**Prompt**
Restate the whole of the data below word for word, skipping the images.

**Given data**
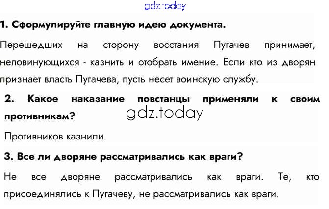 Ответы к Изучаем документ §21 стр.32 Учебнику по Истории России для 8 класса Арсентьев, Курукин Просвещение 2016
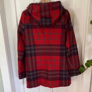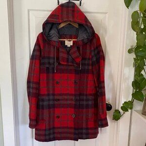 Wool Women’s Pea Coat Red Plaid Hooded Double Breasted Fall Winter
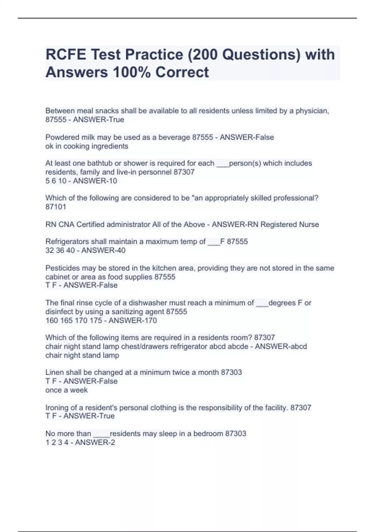 RCFE Exam BUNDLE| Questions and Answers 100% Correct
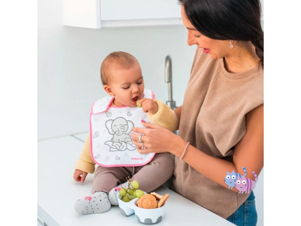 Bryndák s krásným motivem je vyroben z vysoce kvalitní froté bavlny. Vnitřní vrstva je z nepromokavého materiálu, který dodatečně chrání oblečení děťátka před znečištěním. Pohodlné a praktické zapínání na suchý zip zvyšuje pocit pohodlí pro děťátko.

**Response to the task**
 Ответы к Изучаем документ §21 стр.32 Учебнику по Истории России для 8 класса Арсентьев, Курукин Просвещение 2016
 Wool Women’s Pea Coat Red Plaid Hooded Double Breasted Fall Winter
 RCFE Exam BUNDLE| Questions and Answers 100% Correct
 Bryndák s krásným motivem je vyroben z vysoce kvalitní froté bavlny. Vnitřní vrstva je z nepromokavého materiálu, který dodatečně chrání oblečení děťátka před znečištěním. Pohodlné a praktické zapínání na suchý zip zvyšuje pocit pohodlí pro děťátko.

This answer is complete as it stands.